Hi all, I have some whole exome data and I am only interested in the exons of 4 genes, which I have in a bed file.
I ,perhap naively, tried extracting only those reads using this bed file with samtools
samtools view -b -L 4genes.bed myBAM.bam > myBAM.4genes.bam
which works fine, except when I go to convert the BAM file back to fastq with pircard it throws an error because of reads with missing mates.

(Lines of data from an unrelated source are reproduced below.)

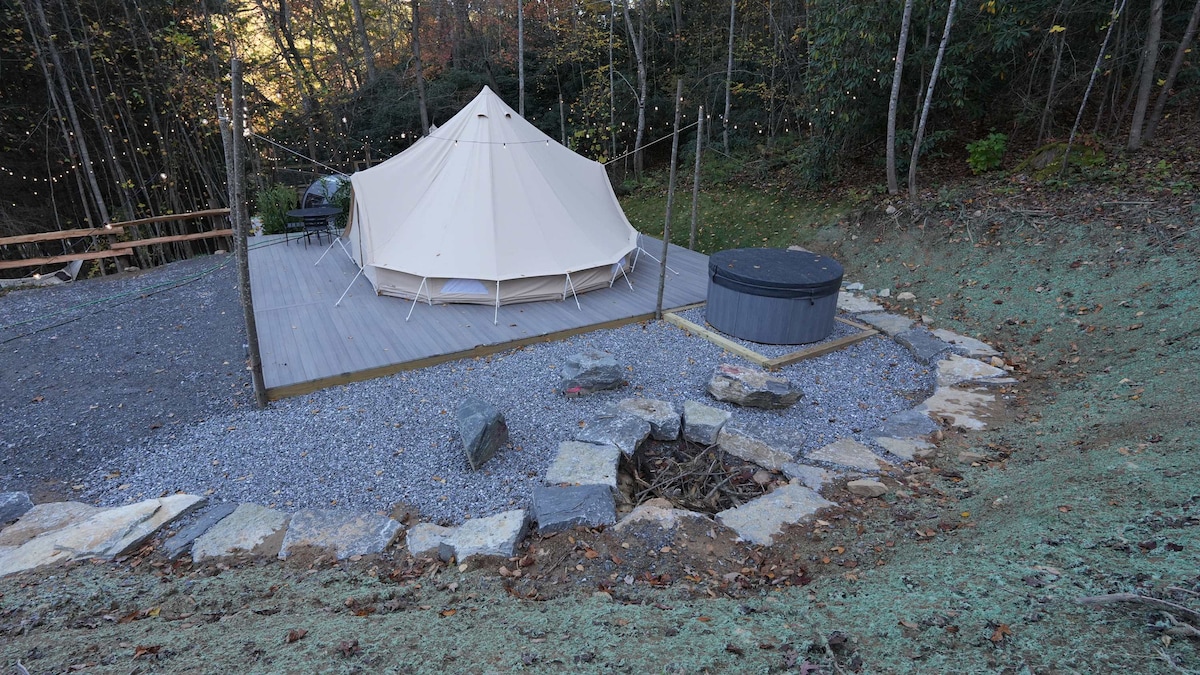 Opplev naturen med stil i et rustikt glampingtelt på Wilderness Cove Campground. Disse glampingteltene ligger i de pittoreske fjellene i Saluda i Nord-Carolina, og er perfekte for naturelskere som ønsker å unnslippe byens mas. Med en komfortabel queensize-seng, koselige møbler, privat overbygd terrasse og utendørs bålplass har du alt du trenger for å slappe av i naturen.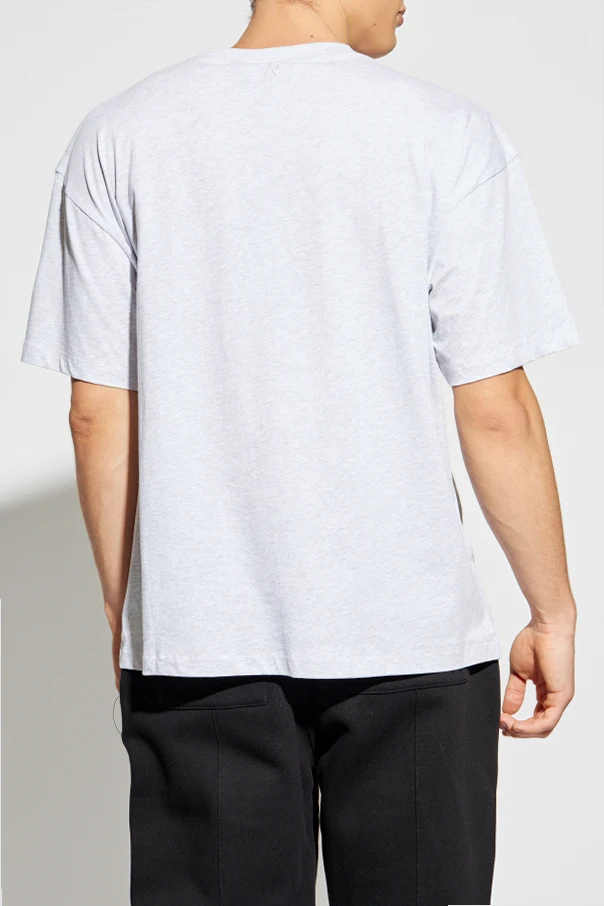 Evoke understated refinement with the Initial Oversize T-shirt by Represent . Crafted from exquisitely smooth, premium cotton, this shirt features a subtle gray mélange texture that imparts a sense of quiet sophistication. The silhouette is unmistakably oversize, draping elegantly across the shoulders and offering ample room with wide sleeves that fall gracefully to mid-bicep.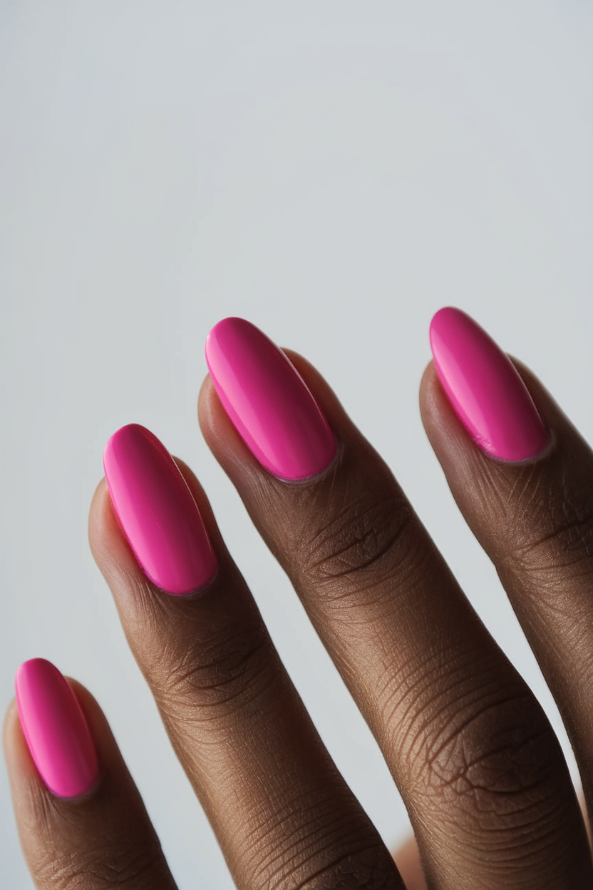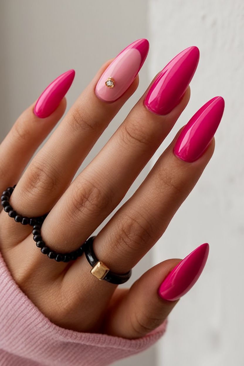 #25 Vibrant Pink Almond Nails with Accent Detail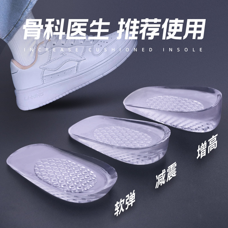 真硅胶内增高鞋垫超软后跟垫半垫女马丁靴久站不累脚男减震不塌陷

java -Xmx4g -jar /path/to/picard/SamToFastQ.jar I=myBAM.4genes.bam O=my4genes.fastq VALIDATION_STRNGENCY=LENIENT
Runtime.totalMemory()=2029715456
To get help, see http://picard.sourceforge.net/index.shtml#GettingHelp
Exception in thread "main" net.sf.picard.PicardException: Found 2638 unpaired mates
at net.sf.picard.sam.SamToFastq.doWork(SamToFastq.java:190)
at net.sf.picard.cmdline.CommandLineProgram.instanceMain(CommandLineProgram.java:177)
at net.sf.picard.sam.SamToFastq.main(SamToFastq.java:121)
I also tried intersectBed for this but it had the same result. I guess what I am after is all the reads in my regions plus any mates of those reads that fall outside those regions.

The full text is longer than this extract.